Affiliations 

  • 1 Department of Epidemiology, Mailman School of Public Health, Columbia University, New York, NY, USA
  • 2 Centre of Excellence for Research in AIDS (CERIA), University of Malaya, Kuala Lumpur, Malaysia
  • 3 Department of Medicine, University of Malaya, Kuala Lumpur, Malaysia
  • 4 Centre of Excellence for Research in AIDS (CERIA), University of Malaya, Kuala Lumpur, Malaysia. reena@um.edu.my
  • 5 Neuroscience Research Australia, School of Medical Sciences, Faculty of Medicine, The University of New South Wales, Sydney, NSW, Australia
AIDS Behav, 2018 Oct;22(10):3226-3233.
PMID: 29508103 DOI: 10.1007/s10461-018-2073-x

Abstract

This study determines the optimal cut-off scores for the Montreal Cognitive Assessment (MoCA) to detect HIV-associated neurocognitive disorders (HAND) in a multi-ethnic Malaysian HIV-positive cohort by developing demographically corrected normative standards among 283 HIV-negative community-based controls with overlapping demographic characteristics.

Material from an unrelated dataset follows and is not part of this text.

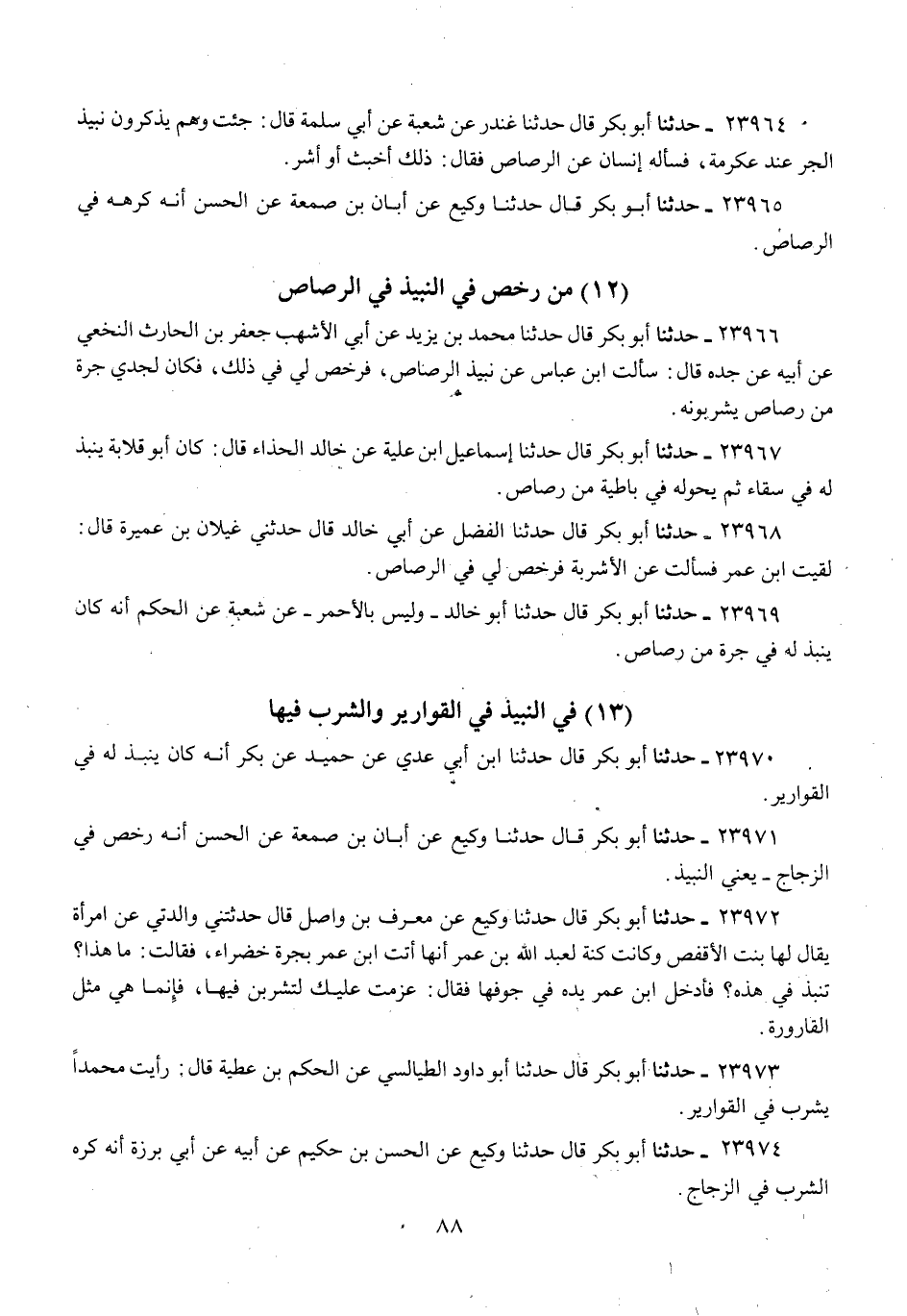 23966 - حَدَّثَنَا أَبُو بَكْرٍ قَالَ: حَدَّثَنَا مُحَمَّدُ بْنُ يَزِيدَ، عَنْ أَبِي الْأَشْهَبِ جَعْفَرِ بْنِ الْحَارِثِ النَّخَعِيِّ، عَنْ أَبِيهِ، عَنْ جَدِّهِ، قَالَ: «سَأَلْتُ ابْنَ عَبَّاسٍ عَنْ §نَبِيذِ الرَّصَاصِ، فَرَخَّصَ لِي فِي ذَلِكَ، فَكَانَ لِجَدِّي جَرَّةٌ مِنْ رَصَاصٍ يَشْرَبُونَهُ»

The norms (corrected for age, sex, education, ethnicity) were applied to 342 HIV-positive virally suppressed individuals on cART. Impairment rates were classified using the Global Deficit Score (GDS ≥ .5) method. The MoCA was also scored according to the recommended cut-off of ≤ 26, and functional decline was applied to both impairment definitions to classify HAND per the Frascati criteria. The ≤ 26 cut-off considerably overestimated cognitive impairment in both samples (59.4% HIV-negative; 69.3% HIV-positive). In contrast, corrected scores yielded impairment rates consistent with what has been reported internationally in virally suppressed cohorts (23.4% with 83.3% mild impairment, 16.7% moderate impairment). A supplemental file allowing the computation of corrected MoCA scores and impairment status is included.

* Title and MeSH Headings from MEDLINE®/PubMed®, a database of the U.S. National Library of Medicine.